Prioritizing positive relationships and social-emotional skills, such as resilience, connection to community, and self-management, will help us avert a serious public health emergency now and years into the future, while supporting students as they re-engage and recover from significant learning loss. This is, of course, easier done in person, but can also happen in virtual environments.

This moment requires our schools and communities to pay as much attention to the mental health of students as we pay to their grades, attendance, and engagement—for all are interwoven with learning and growth. Developmental science shows that anxiety, stress, and trauma prevent our ability to focus, organize, cooperate, and retain information. Encouragingly, research and practice show it is possible to counteract chronic stress by creating safe, structured, and responsive educational environments.

Here are three steps we can take immediately, gleaned from partnering with schools during the pandemic:

Relationships First. Design a time for students to connect with the same peers and adults every day. Use this time to develop strong relationships, trust, and purpose. Research has shown that positive relationships are at the core not only of learning but of survival and long-term physical and mental health. Learning environments that are consistently engaging and nurturing help students to feel a sense of belonging, exercise leadership, explore new ideas, and achieve goals. Profoundly formative, students gain the know-how of resilience, empathy, teamwork, meaning-making, empowerment, and voice. These skills help students navigate change, overcome setbacks, and gain confidence during adversity.

Some people may think this skill-building requires students to be physically in one place—like a brick-and-mortar classroom. But we have found ways to engage groups of students online, establish norms and rituals, and assure that everyone can express themselves freely. It takes adjustment, but remember, our students are digital natives and very adaptable.

Integrate Social, Emotional, and Academic Development. Identify instructional strategies that, alongside academic content, include students practicing social and emotional skills, as these competencies advance achievement as well as mental health. Several organizations, all part of a national movement of educational transformation such as CASEL, Attendance Works, Search Institute, SoLD Alliance, and others, including our organizations, have published free, online resources that are readily available to help parents and educators integrate social-emotional development; master virtual approaches to learning; improve student engagement; and help children and adults feel psychologically safe in online spaces.

Prioritize Educator Mental Health. Teachers are under tremendous pressure. They need proactive mental health support in the form of empathic relationships with colleagues, administrators, and families; opportunities for voice and collaboration; and time to make collective meaning of their experience. The dual benefit is increasing teacher resilience will also strengthen their use of these strategies with students in virtual environments.
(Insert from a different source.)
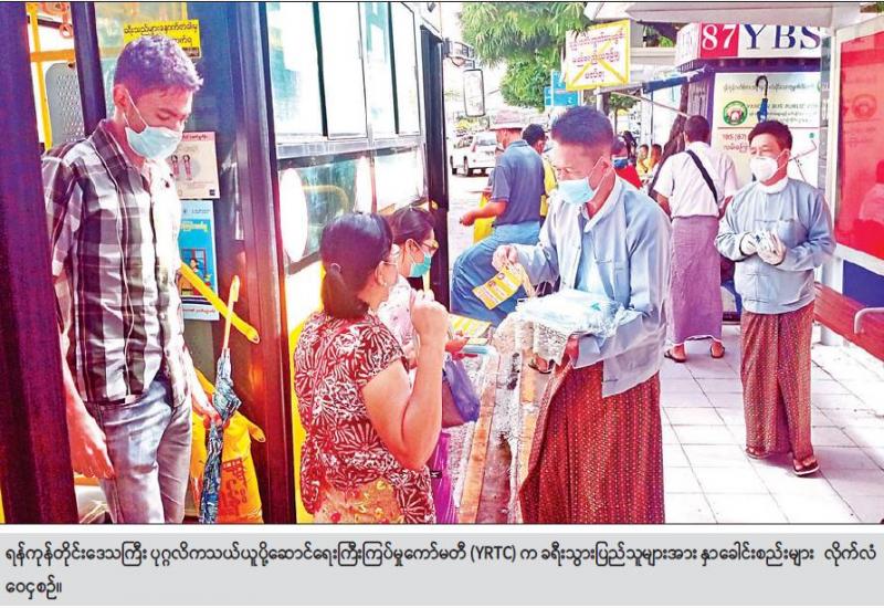 လတ်တလော ဖြစ်ပေါ်နေသော ကိုဗစ်-၁၉ ကပ်ရောဂါ တတိယလှိုင်းကာလ၌ ရန်ကုန်မြို့အတွင်း မဖြစ်မနေသွားလာလှုပ်ရှားနေသော ခရီးသွားပြည်သူများ ကိုဗစ်-၁၉ ကပ်ရောဂါပြန့်ပွားမှုကို ကာကွယ် ထိန်းချုပ်နိုင်ရေးအတွက် ရန်ကုန်တိုင်းဒေသကြီး ပုဂ္ဂလိကသယ်ယူ ပို့ဆောင်ရေးကြီးကြပ်မှုကော်မတီ(YRTC)က ပြည်သူများ ပူးပေါင်းပါဝင် လှူဒါန်းမှုနှင့်အတူ နှာခေါင်းစည်း စုစုပေါင်း နှစ်သိန်းခွဲကျော်ကို အခမဲ့ဖြန့်ဝေပေး မည်ဖြစ်ကြောင်း YRTC မှ သိရသည်။

Hard times are accelerating mental health disorders and trauma responses in both children and adults. We have a chance to create learning environments where everyone can experience more hope, connection, and well-being. A holistic approach is the mental health boost we need while waiting impatiently for a COVID-19 vaccine.

Stephanie Wu is City Year’s Chief Transformation Officer and leads the development of City Year’s Whole School Whole Child services. As a founding staff member of City Year, she has overseen the development and scaling of City Year’s youth development practices that remain foundational to City Year’s work in more than 300 public schools in 29 U.S. communities.